Even though that one day had occurred, I still have moments where I believe I have ruined his life.  I am still holding myself accountable for a bad marriage.  He has me so trained that I still see him as the victim.

I realized today that I need to not feel responsible for the death of this marriage.

I didn’t ruin his life by leaving.  I didn’t make his life worse single-handedly.

I didn’t push things to go the ways they went.  I followed a leader and tried to stay on path.

I loved every way a person could love.

I searched for what would work for years and then one day I quit too.

I screwed up while trying to find the answers to a happier marriage.  I realize now that personality plays a gigantic part in relationships.  We marry people that we aren’t connected to 100% and we settle for that 75%.  We do it because society says to settle. Comments such as “He’s the best you’ll get.” “She’s not perfect but who is?” “The grass isn’t always greener.” “Everyone has rough patches in their marriage.”  Really?  Everyone?    There are rough patches and there are ROUGH patches.   Everyone may have arguments once in while however everyone sure the heck isn’t throwing dishes, plates, chairs in the middle of an argument.

Rough patches don’t include daily behavior.  A rough patch is a strange impactful moment, but just that–a moment.  When it becomes your new life then it is a lifestyle and I refuse to live a miserable lifestyle.   I have learned that the grass is way greener.  Sometimes it has a bit of yellow mixed in but with some more sun and water it grows back to its bright green.

 

 

 

 

Guide #1 Emotionally believe in yourself!

Guide #1  Emotionally believe in yourself!

 

I will forever trust and believe in myself on all emotional matters!

As I look back on my past 13 year relationship I realize that often times I wasn’t truly being real to myself.   I was lost in what to say, what not to say, how to act, how not to act, what was appropriate, what wasn’t appropriate,  what was mine to do and what was his to do.

I followed the rules that were set forth before me and I tried my best to not step off of the safest path.  I tried to not make waves if I was the only one feeling the water.  Often times something would bother me that my husband didn’t even notice.  In the beginning I would bring it up and try to reach clarity and close the issue I was feeling.  This was met with a closed door.  He didn’t want to discuss my feelings unless he was angry at me. After a while I just learned to deal with the emotion I was feeling all alone or complain to a friend who would often say “Shouldn’t you be telling your husband this?”

He didn’t want to be bothered. I certainly never want to be a bother and somehow those emotions I felt weren’t his to care about.  I pushed emotion after emotion deep inside and allowed it to grow.  I would ignore situations until they were too much to ignore and then unleash the dragon of issues into the universe in one fast swoop.   Everything I  ignored or placated bubbled to the surface and things had to change IMMEDIATELY. This would go less positive then one would predict.

My needs of clearing the air would often times be met with his needs of not given a crud about any of it.  Yesterday was yesterday and going back to talk about it wasn’t his idea of communication.  Yet I was festering in annoyance at my marriage whether it be about us directly, the kids and their issues, or any unresolved issue with finances all fell into a bullshit pile that he created.  I often felt alone in the emotional realm and that wasn’t gonna last long.
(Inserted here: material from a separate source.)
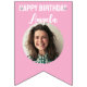 personalized 40th birthday bunting for her in pink and white. This 40th birthday banner is the perfect party banner for her 40th birthday party. you can customize the name, age and photo for a custom bunting.

My lack of being real to myself created patterns in my marriage that were irrevocable after several years.  I built walls to stop allow myself to even feel emotions connected to him. I learned to ignore the facts as I knew them in order to maintain peace. I would still force love onto, what has now become, my enemy even though my emotional needs weren’t being met.

At one point I had believed every time I got upset that I was being too sensitive, I couldn’t deal with “Real” life, I’m ridiculous.  All of my feelings that had to do with my husband were pushed to the side and I stopped believing in myself.  Therapy has shown me that my issues were real and I should have been angry, sad, disappointed, annoyed and other emotions triggered and I should have been heard. The not listening or hearing is emotionally painful to the other person.  It created a barrier and a lack of trust between loved ones.

I  have learned that I wasn’t believing in myself emotionally. I was too afraid to express my truths as they were coming to me.  Emotions change once we have time to digest scenarios.  Sometimes we stop the fight, repair a situation, but a week later the realization that it wasn’t emotionally over comes up.   The necessity to reopen an emotional issue, revisit it and have closure is vital.   I was missing this step often and then my brain would only see the negative piece until I unleashed the dragon fiery again.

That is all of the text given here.